··· RECORDS FOR THIS TASK ···

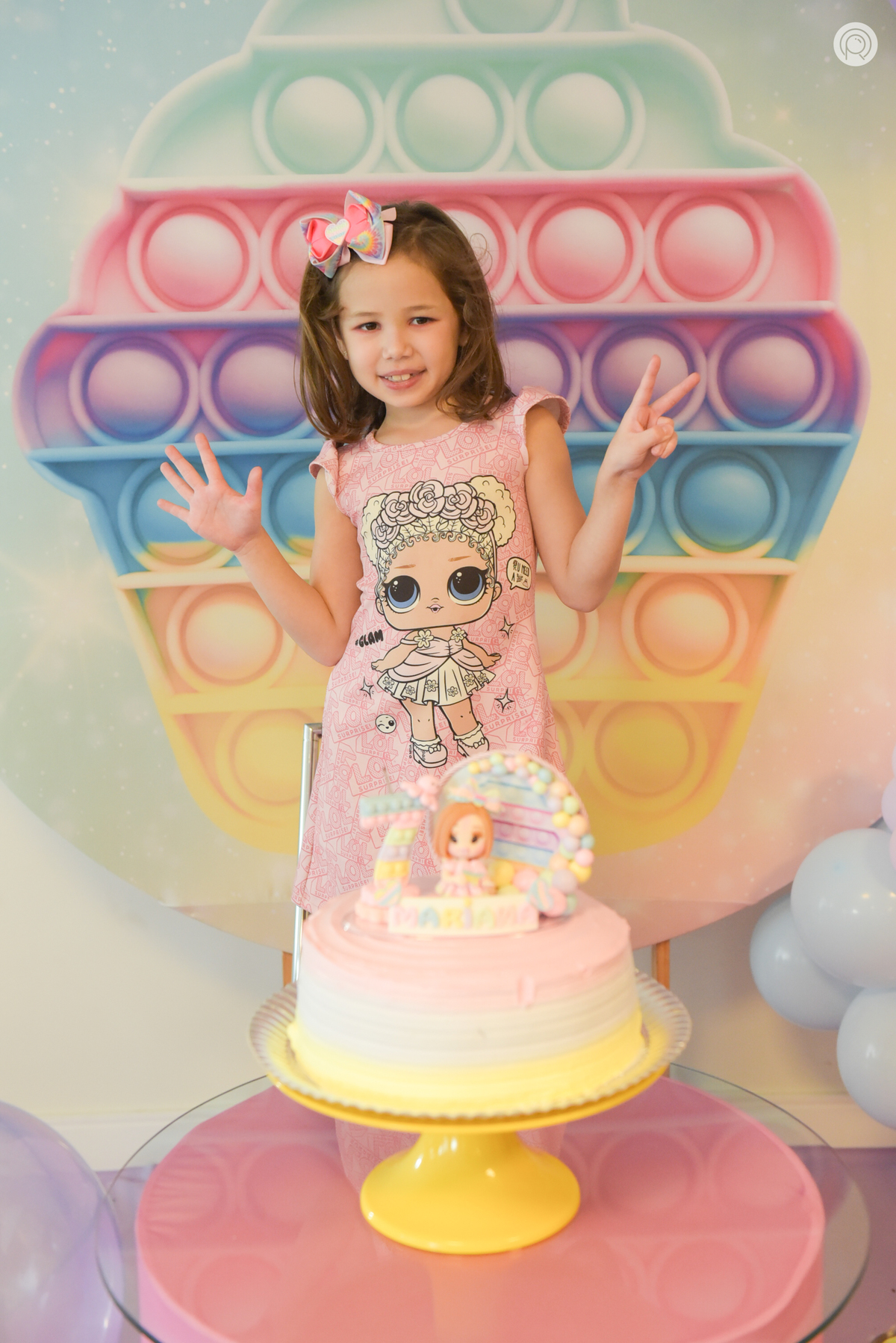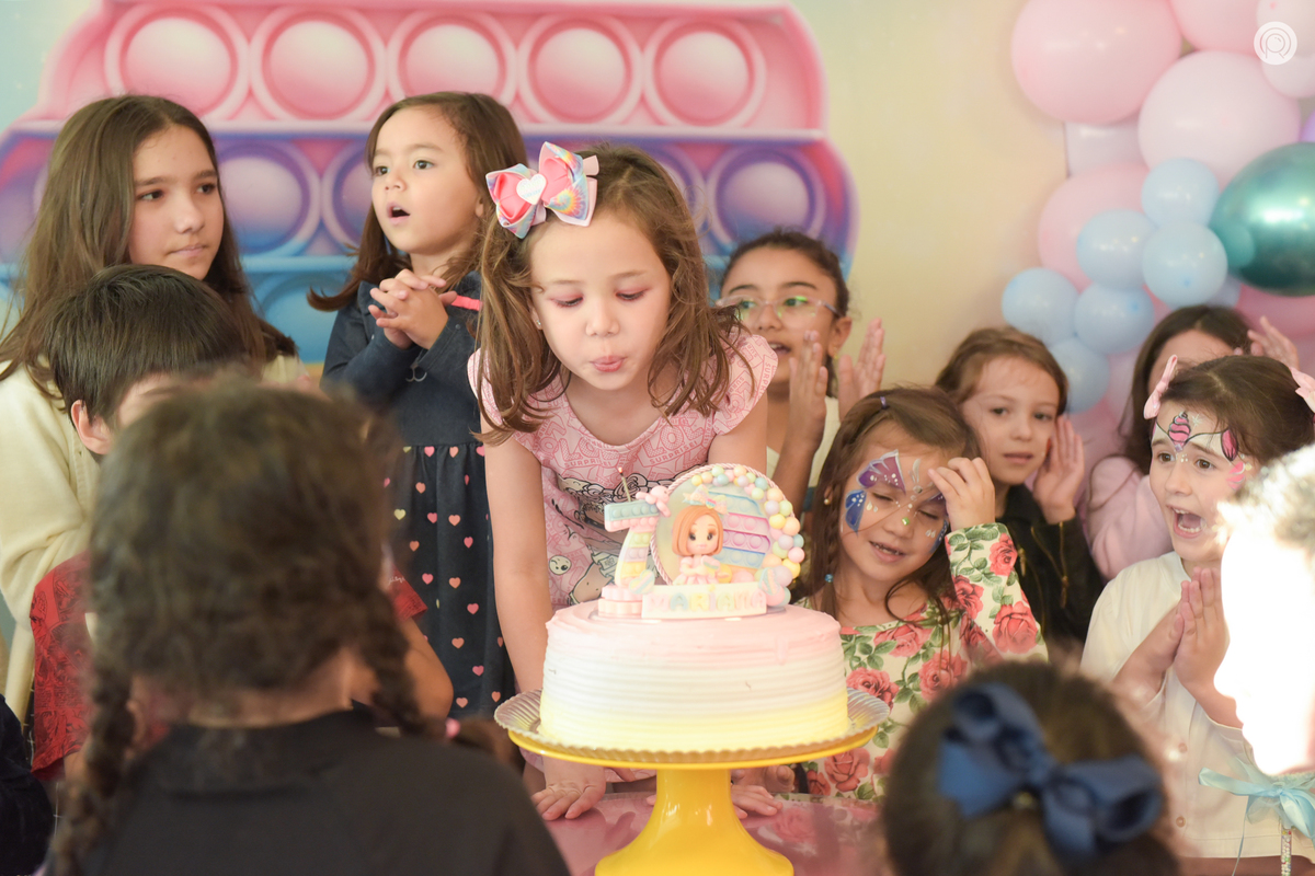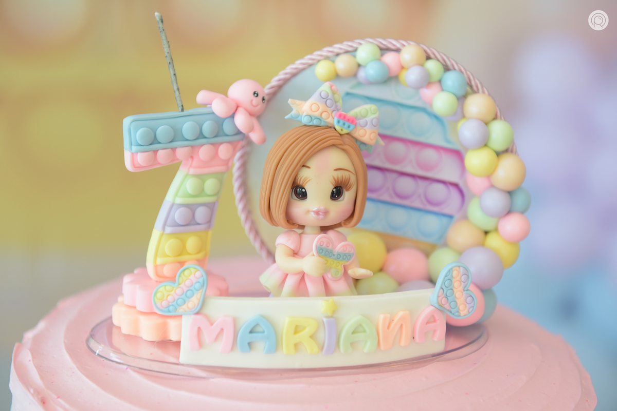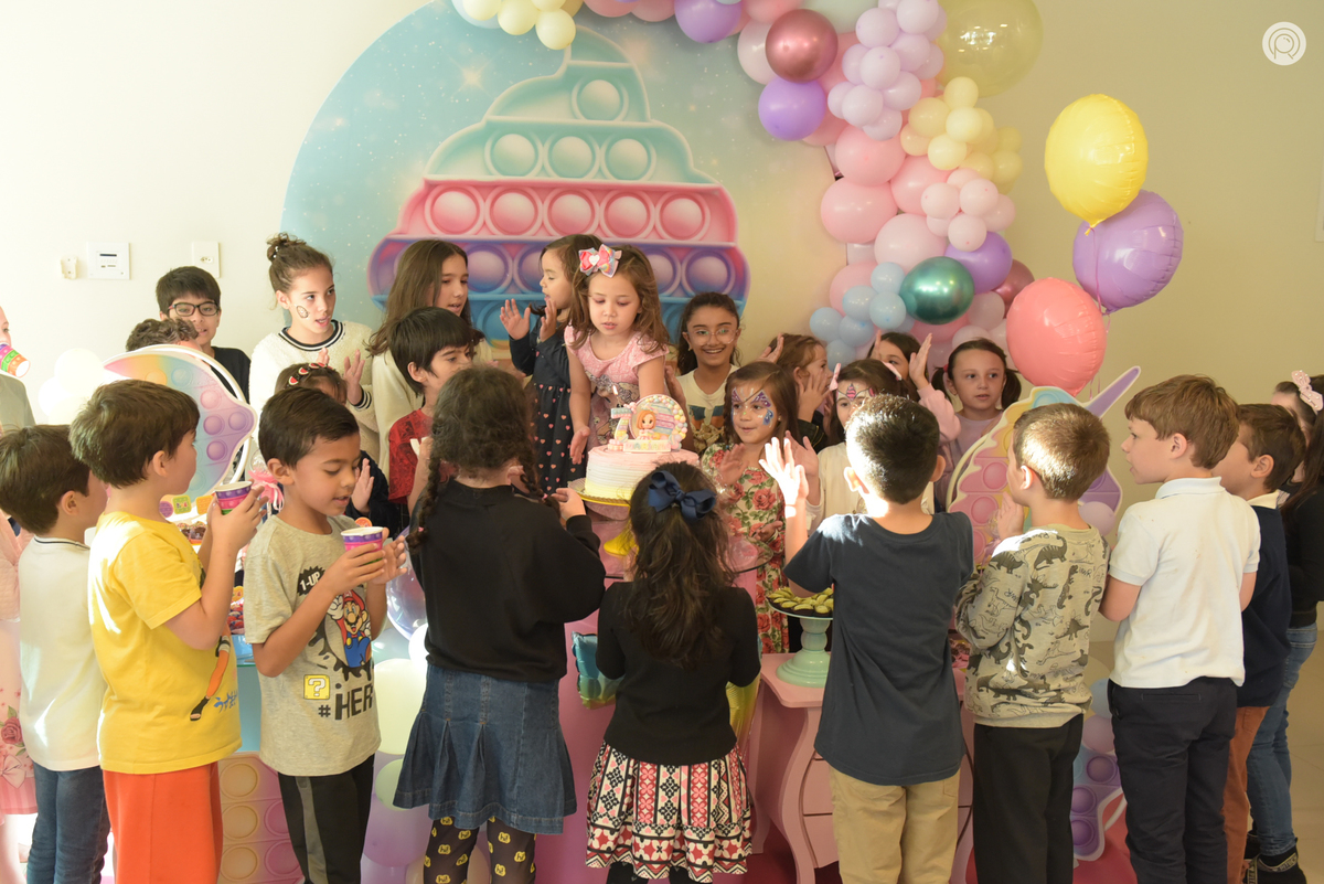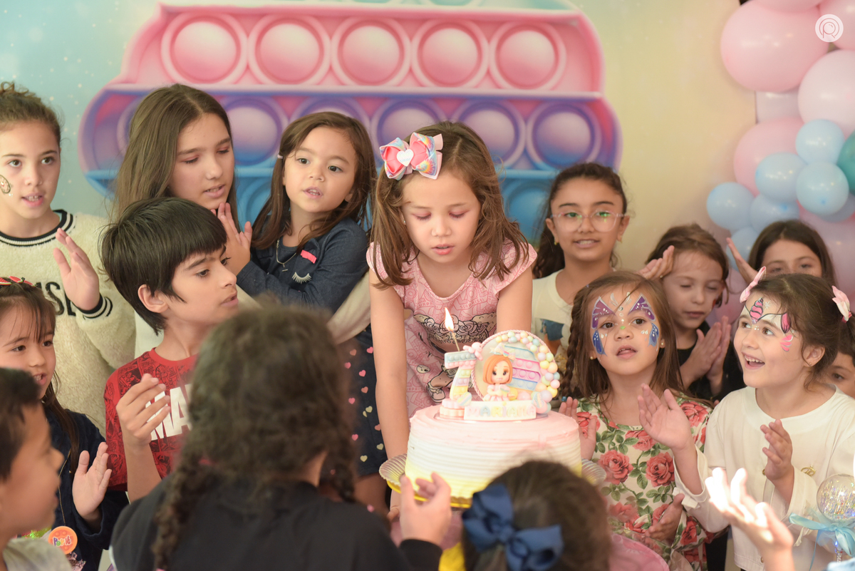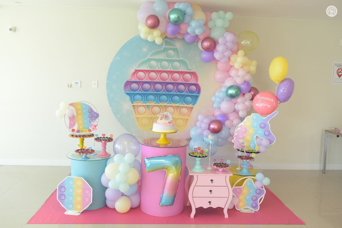 Os 7 anos da Mariana regado de muita bagunça, criançada reunida e claro cores de Pop It.
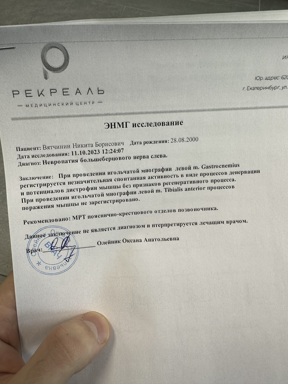 По невропатии направили на мрт пояснично-крестцового отдела, а далее к неврологу.
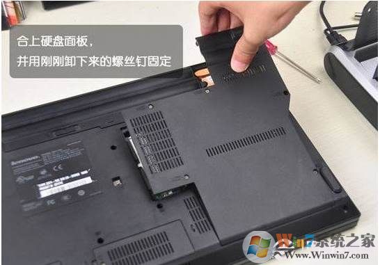 4、這時我們完成了固態(tài)硬盤的更換,然后蓋安裝回去。
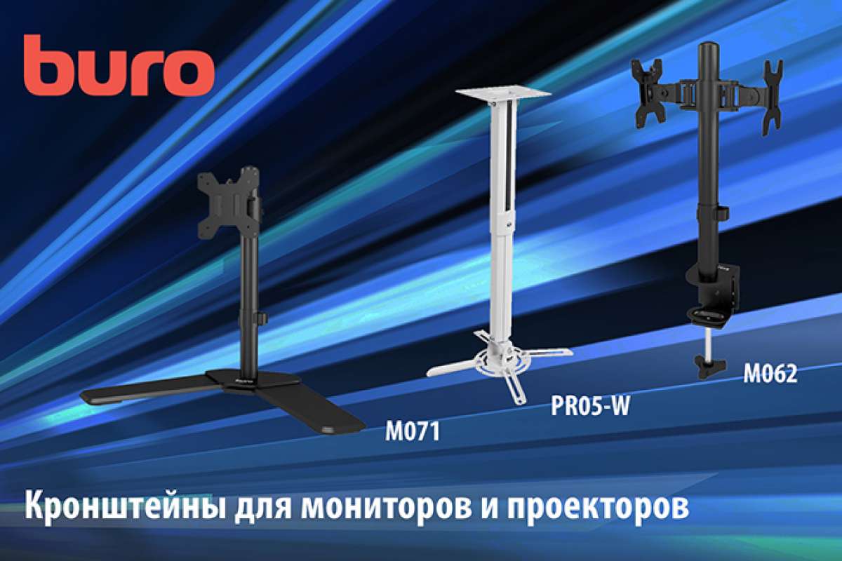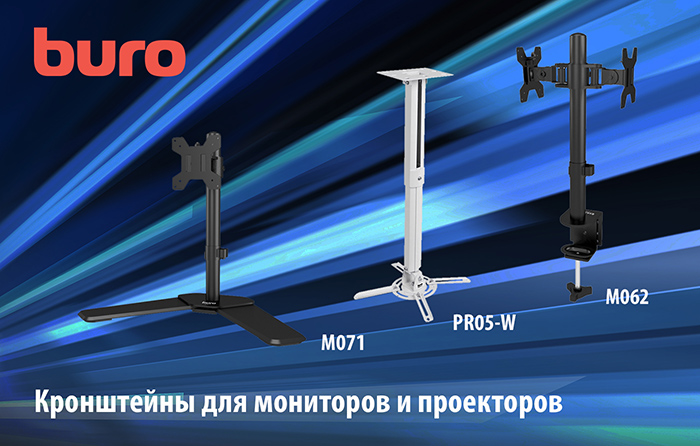 Модельный ряд бренда BURO пополнили в общей сложности 8 новых кронштейнов – шесть для мониторов и два для проекторов: M042, M052, M061, M062, M063, M071, а также PR05-W и PR05-B. Представленные устройства отличаются надёжностью конструкции и качественными материалами сборки.
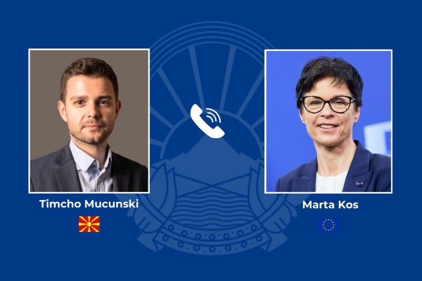 Министерот за надворешни работи и надворешна трговија, Тимчо Муцунски, попладнево оствари телефонски разговор со еврокомесарката за проширување, Марта Кос.
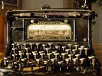 Пишущая машинка из Правления АИК «Кузбасс», располагавшегося в Главной конторе Кемеровского рудника. Приказы в колонии выходили на русском и английском языках, и поэтому использовались машинки с русским и латинским шрифтами. Это одна из машинок с русским шрифтом. После реорганизации АИК машинка попала в трест «Кузбассуголь», затем перешла в частные руки, с 1950-х гг. находилась в Кузбасском политехническом институте.
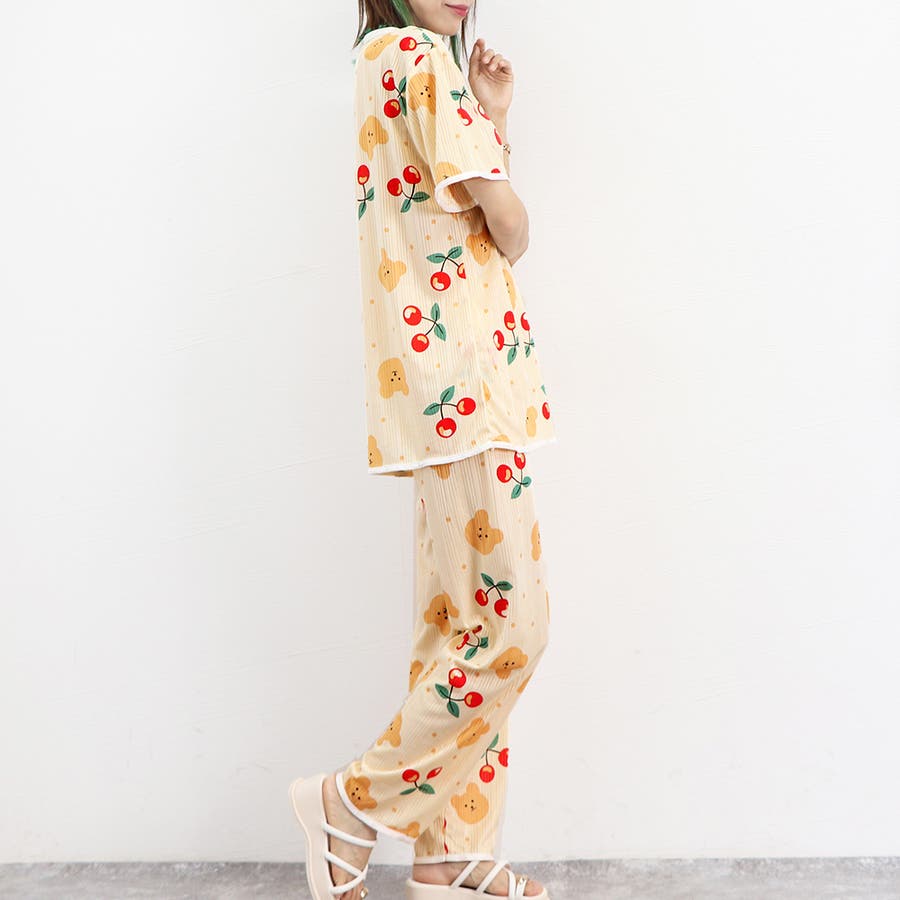 大ぶりに散りばめられた華やかな柄物が大人可愛いガーリーテイストのパジャマセット
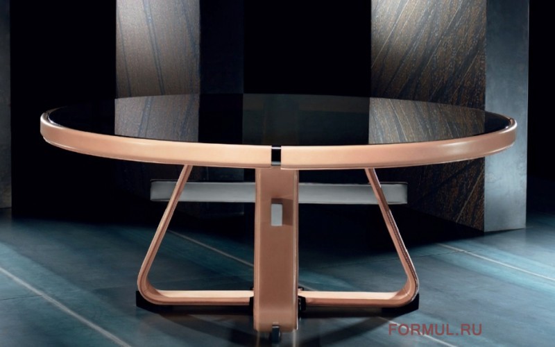 Antimo — идеальный обеденный и офисный стол. Круглый стол со стальным каркасом, полностью обтянутым натуральной кожей Fasem. Столешница из закаленного дымчатого стекла. Стальные вставки с различной отделкой раскрывают характер и внимание к деталям изысканного предмета мебели.
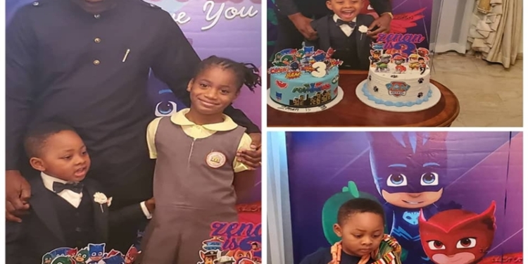 Late Ibidun Ajayi-Ighodalo‘s son, Zenan, is three today October 6. And his proud dad and clergyman, Pastor Ituah Ighodalo, organized a little celebration for him in their home with his sister, Keke, in attendance.
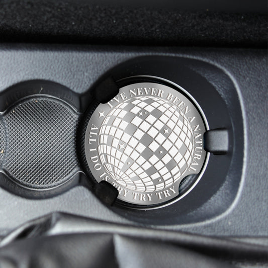 Never Been A Natural - Car Coaster Set: Mirrorball Decor, Music-Inspired Mirrored Acrylic Car Coasters, Girly Car Accessory, Gift For Her
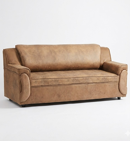 PU Foam Comfort 3-Seater Sofa – Classic Brown Edition

···

▸ ACTIVITY
Out of the records above, return only the lines from the one with "Пишущая машинка из" through the one with "大ぶりに散りばめられた華やかな柄物が大人可愛いガーリーテイストのパジャマセット", exactly, and none of the pictures.

▸ ANSWER TO THIS TASK
 Пишущая машинка из Правления АИК «Кузбасс», располагавшегося в Главной конторе Кемеровского рудника. Приказы в колонии выходили на русском и английском языках, и поэтому использовались машинки с русским и латинским шрифтами. Это одна из машинок с русским шрифтом. После реорганизации АИК машинка попала в трест «Кузбассуголь», затем перешла в частные руки, с 1950-х гг. находилась в Кузбасском политехническом институте.
 大ぶりに散りばめられた華やかな柄物が大人可愛いガーリーテイストのパジャマセット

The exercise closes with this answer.